The new van couldn’t have come at a better time as Dani has outpatient surgery scheduled next week at Nationwide Children’s Hospital in Columbus. Dani has a sore on her tailbone to be debrided. It’s the first she’s had, but Freeman said her daughter’s skin is breaking down more as she gets older.
Dani also spent about a month at Nationwide in May because she was septic and had pneumonia. Trips to Columbus are frequent and Freeman had to borrow cars or find a ride most of the time. This has become harder as Freeman’s grandmother has cancer and Freeman’s mother has been helping to take care of her.
“Unless it’s a week to two weeks in advance and I say ‘Hey, can I use your vehicle to load (Dani) in and out of and to take her,’ sometimes it can be done, but other times it’s a lot harder to schedule it,” Freeman said.

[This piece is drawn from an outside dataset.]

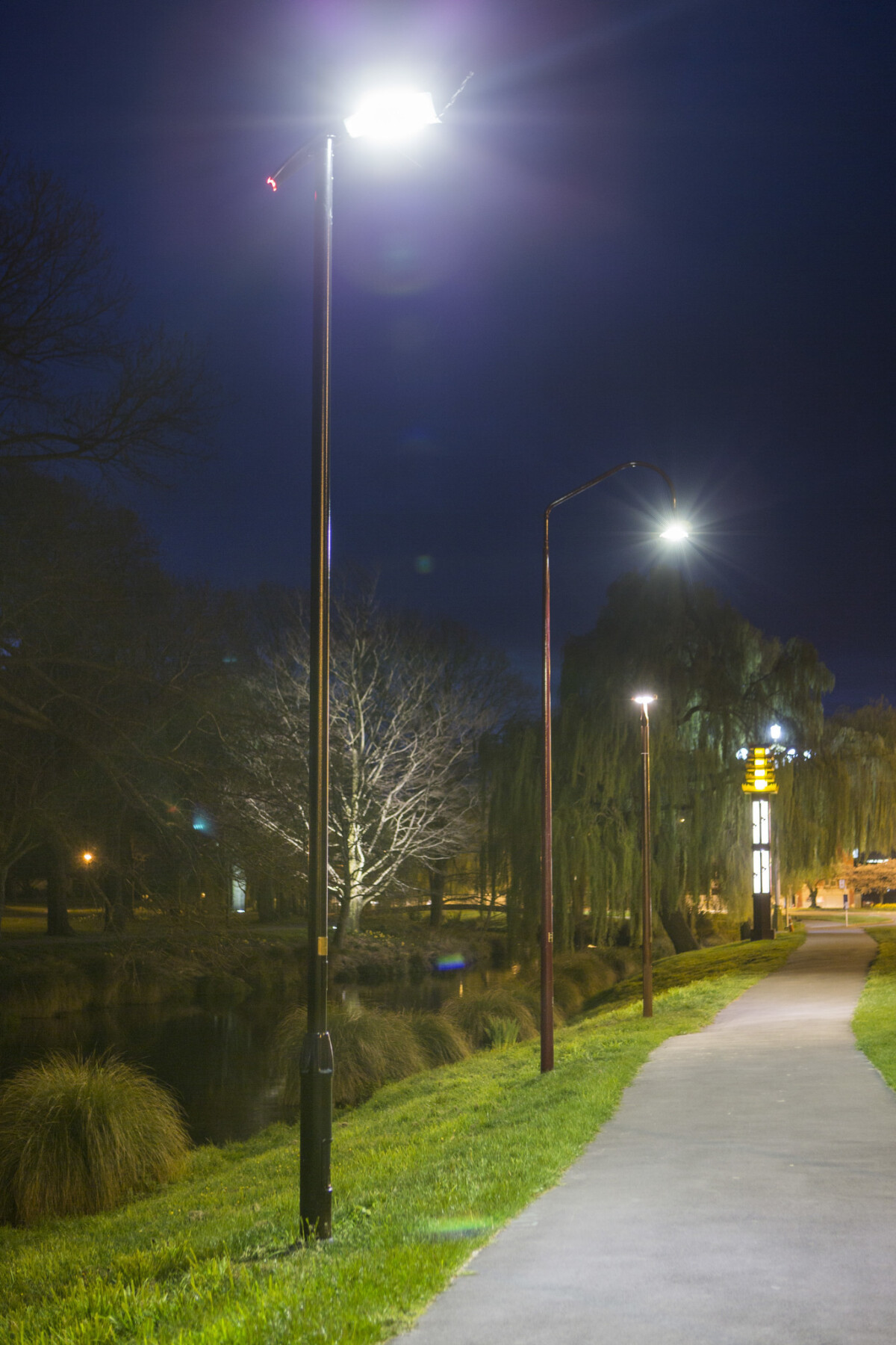 Image of detail of Solidarity Grid by Mischa Kuball, Street lamps in situ along Park Terrace. Commissioned by the Christchurch City Council Public Art Advisory Group. Produced by SCAPE Public Art.

Additionally, Dani is in fourth grade at Hopewell School for those with developmental disabilities. Because of COVID-19 worries, Dani hasn’t started classes at the building yet this year. Dani has to have a nurse with her at school. The nurse would also need to be present if Dani rides the bus, so it’s best for Freeman to transport her back and forth.
“If she’s more comfortable up in her chair and being able to be locked in and going, the transportation part is so much easier,” Freeman said. “If I have to pull over for something like to administer seizure medication or suction or clear her airway it’s so much easier to do when she’s sitting upright and in her chair.”
Freeman can’t express her appreciation enough to CSS and the local community for the support their family has received. The new van will change all their lives for the better.
“Thank you doesn’t even come close to it, because not only is this going to affect Danielle, but it’s going to affect our whole family. We’ll be able to take trips, go out to eat and do certain things we weren’t able to do with the whole group of us,” Freeman said.
[This article is used with the permission of the author, Leonard Hayhurst, who writes for the Coshocton Tribune.]